*** Opening SUPPLIED RECORDS ***
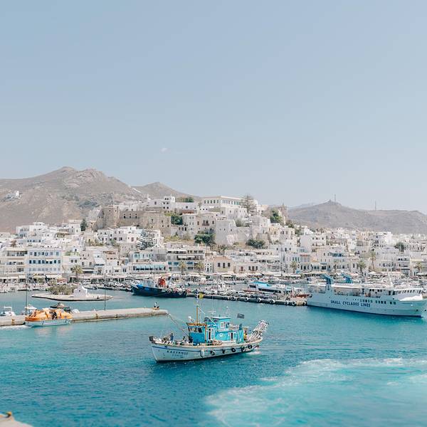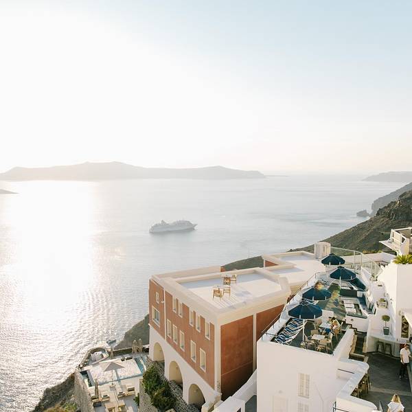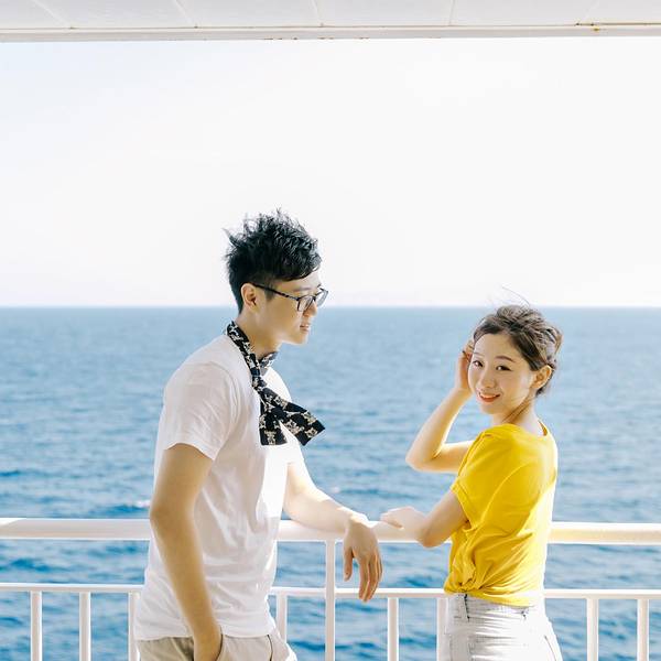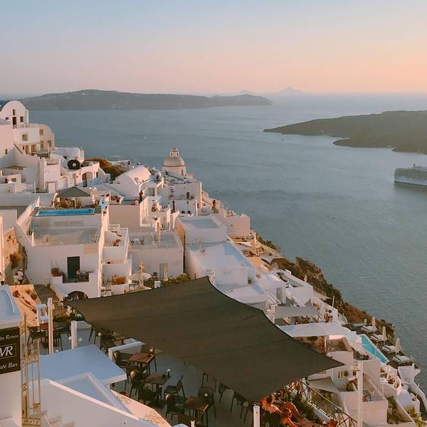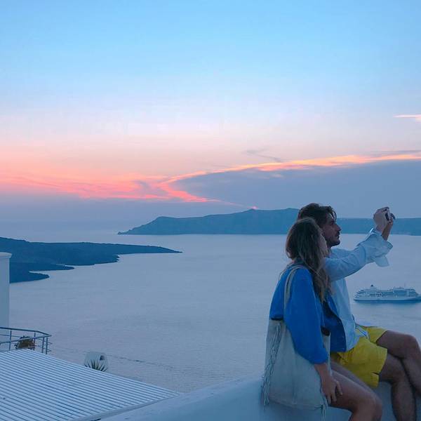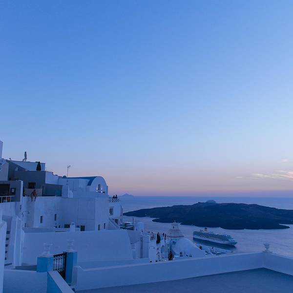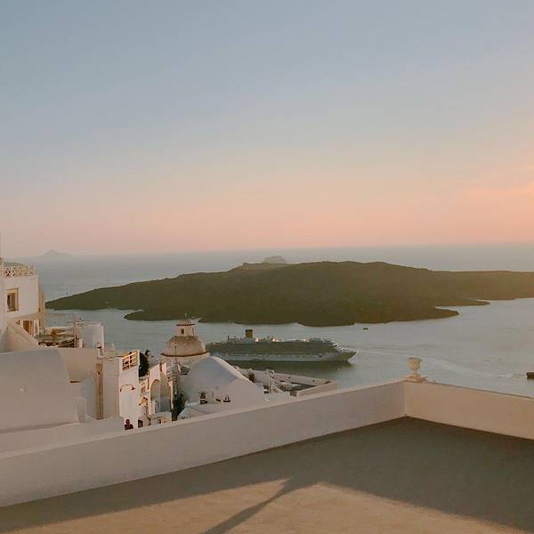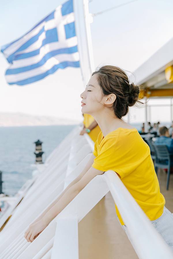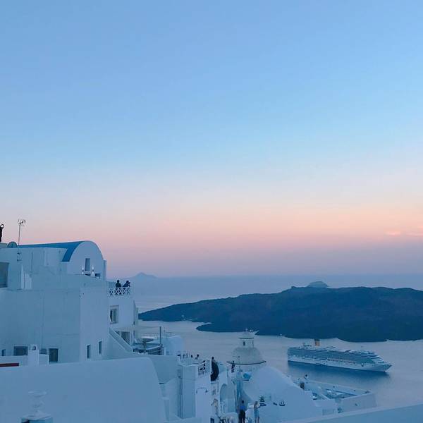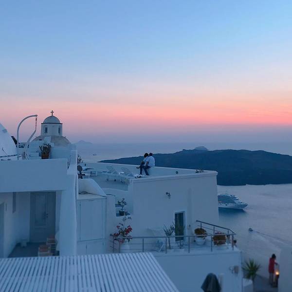 跟着谷歌地图走到了码头,很近,也就十几分钟的样子,而且沿路都是往那个方向过来的游客,大家都是去坐第一班去往圣托里尼的邮轮。上了邮轮之后天开始慢慢亮起来了,就是这张蓝色和粉色,肉眼看到的颜色更美,在希腊看的第一个日出。天刚刚亮就发船了,好像说一天去圣岛的邮轮就两趟,毕竟一次要七个小时,我们赶最早的一班,到岛上都要下午3点多了。希腊的可口可乐和希腊的国旗,以及中国人的手👋中间路过了两个岛,停了两次,不是很大,但也都是纯白色的房子,感觉这边好像所有岛都是那种风格,而圣托里尼岛就是名气最大的那个了吧,面积是不是最大就不清楚了。在船上开始我们的第一组拍摄,穿的便装,先拍一些生活风的游客照吧。在爱琴海上漂了七个小时之后我们终于到达了目的地——圣托里尼岛,真是太不容易了,飞了十几个半小时又漂了七个小时,邮轮远远看到圣岛的时候,大家全部都站了起来,涌到栏杆边上看,我们也在指着看哪个是费拉,哪个是伊亚,整个岛的规模确实要比之前路过的两个大很多很多。
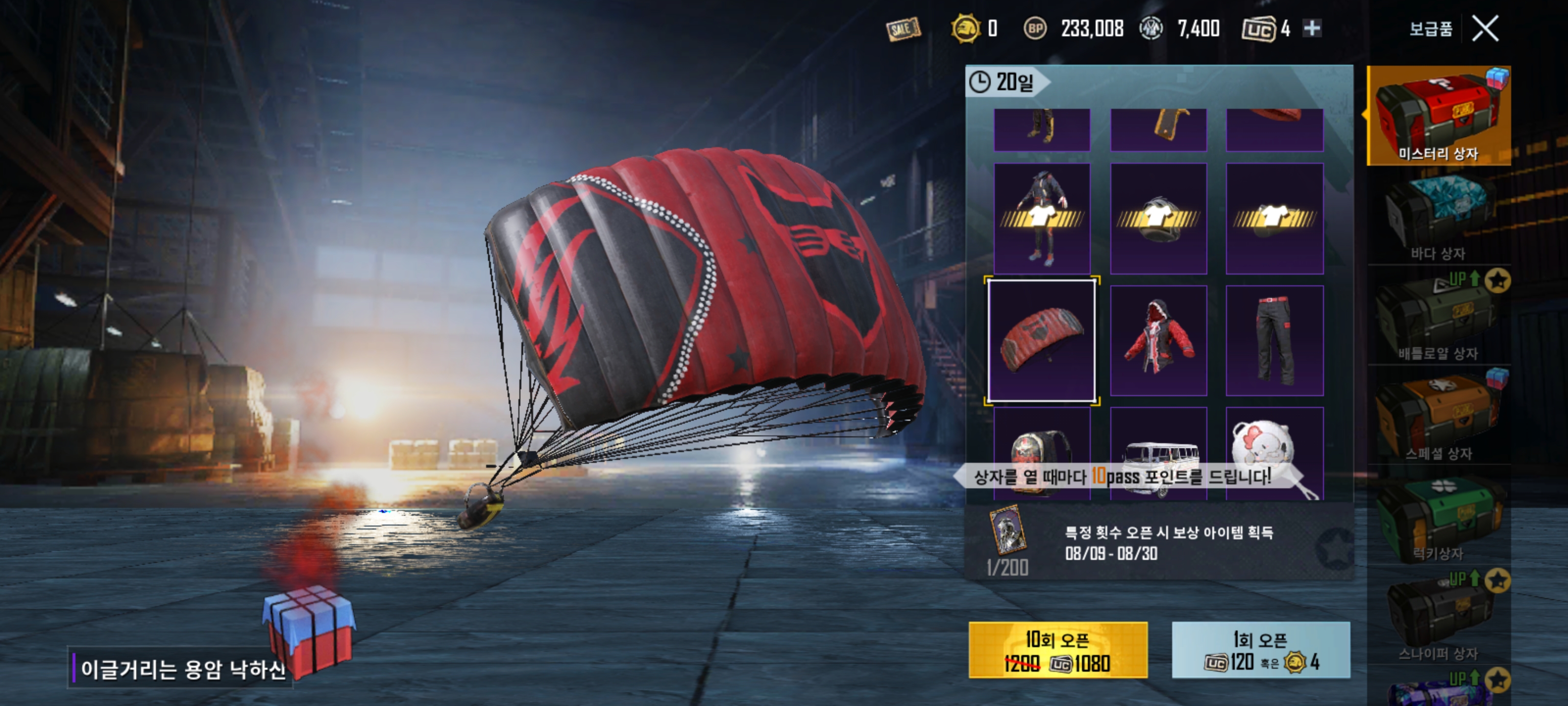 안녕하세요 농어촌비행기입니다. 오늘은 모바일배그 미스터리상자 업데이트가 되었습니다.
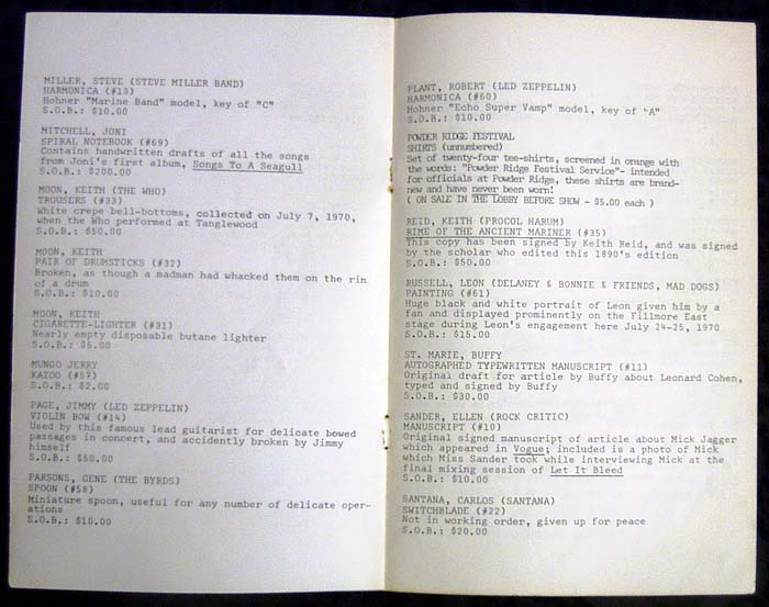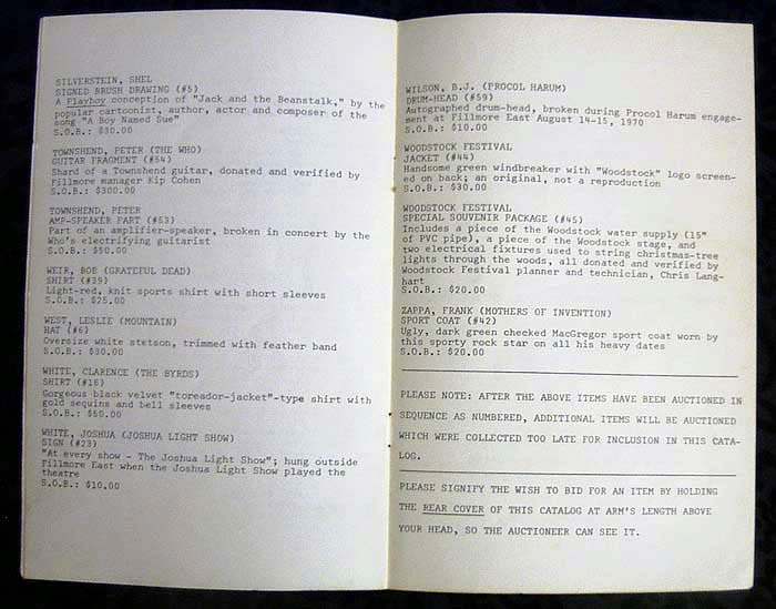 "Rock Relics Auction Show", where the Fillmore East Program Collection
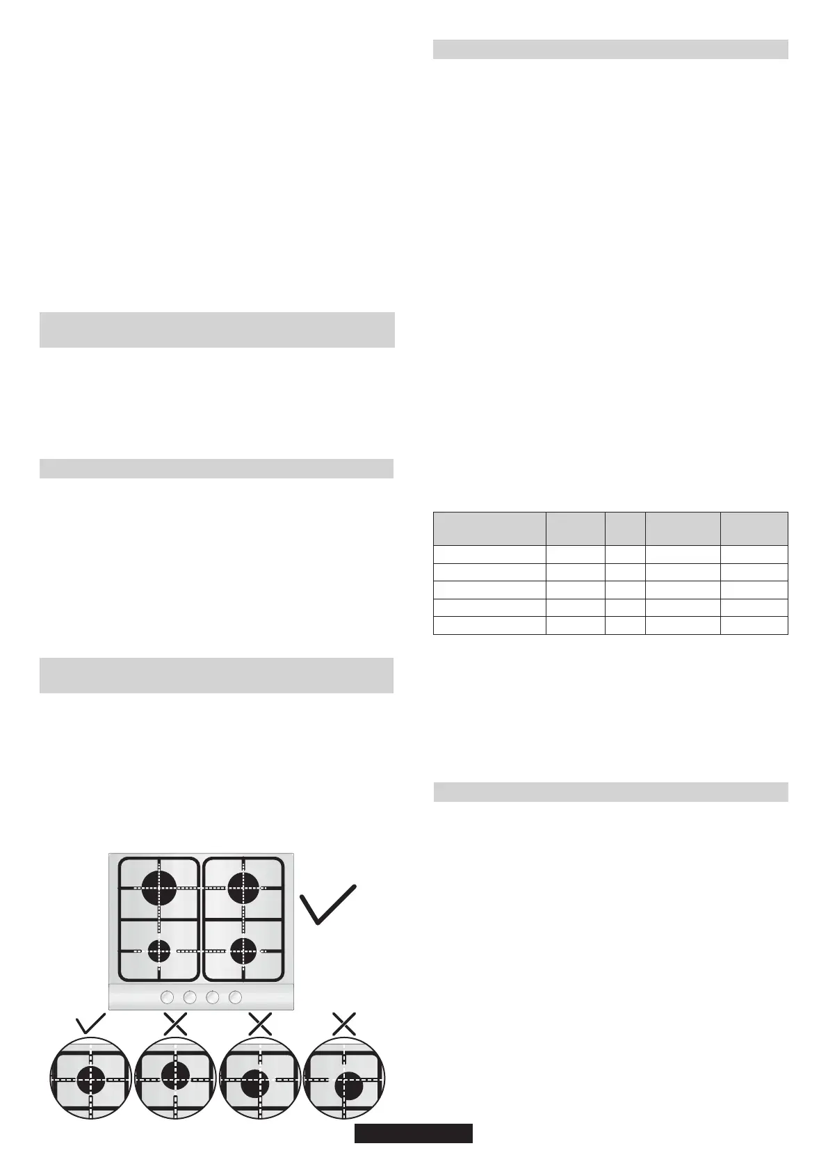 Este foarte important ca arzătoarele să fie aşezate corect.
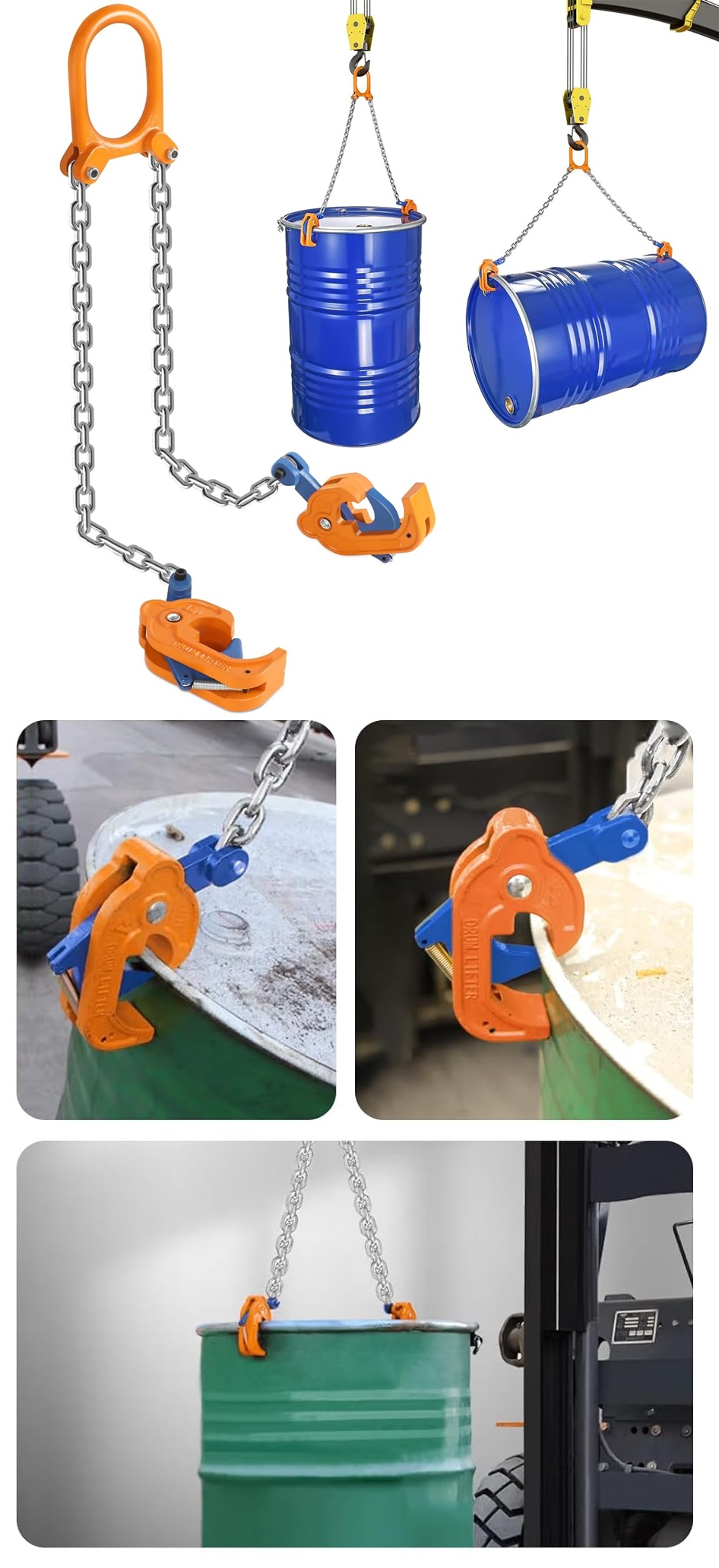 ZASTOSOWANIE: Zawiesie do beczek z chwytakami jest idealne do podnoszenia beczek za pomocą suwnicy, wózka widłowego, dźwigu lub innego wciągnika. Może być używany do podnoszenia, obracania lub przechylania stalowych beczek do 1000 kg.
*** Closing SUPPLIED RECORDS ***
EXERCISE PROMPT
Copy every record exactly as written, leaving out the pictures.

OUTPUT OF THE EXERCISE
 跟着谷歌地图走到了码头,很近,也就十几分钟的样子,而且沿路都是往那个方向过来的游客,大家都是去坐第一班去往圣托里尼的邮轮。上了邮轮之后天开始慢慢亮起来了,就是这张蓝色和粉色,肉眼看到的颜色更美,在希腊看的第一个日出。天刚刚亮就发船了,好像说一天去圣岛的邮轮就两趟,毕竟一次要七个小时,我们赶最早的一班,到岛上都要下午3点多了。希腊的可口可乐和希腊的国旗,以及中国人的手👋中间路过了两个岛,停了两次,不是很大,但也都是纯白色的房子,感觉这边好像所有岛都是那种风格,而圣托里尼岛就是名气最大的那个了吧,面积是不是最大就不清楚了。在船上开始我们的第一组拍摄,穿的便装,先拍一些生活风的游客照吧。在爱琴海上漂了七个小时之后我们终于到达了目的地——圣托里尼岛,真是太不容易了,飞了十几个半小时又漂了七个小时,邮轮远远看到圣岛的时候,大家全部都站了起来,涌到栏杆边上看,我们也在指着看哪个是费拉,哪个是伊亚,整个岛的规模确实要比之前路过的两个大很多很多。
 안녕하세요 농어촌비행기입니다. 오늘은 모바일배그 미스터리상자 업데이트가 되었습니다.
 "Rock Relics Auction Show", where the Fillmore East Program Collection
 Este foarte important ca arzătoarele să fie aşezate corect.
 ZASTOSOWANIE: Zawiesie do beczek z chwytakami jest idealne do podnoszenia beczek za pomocą suwnicy, wózka widłowego, dźwigu lub innego wciągnika. Może być używany do podnoszenia, obracania lub przechylania stalowych beczek do 1000 kg.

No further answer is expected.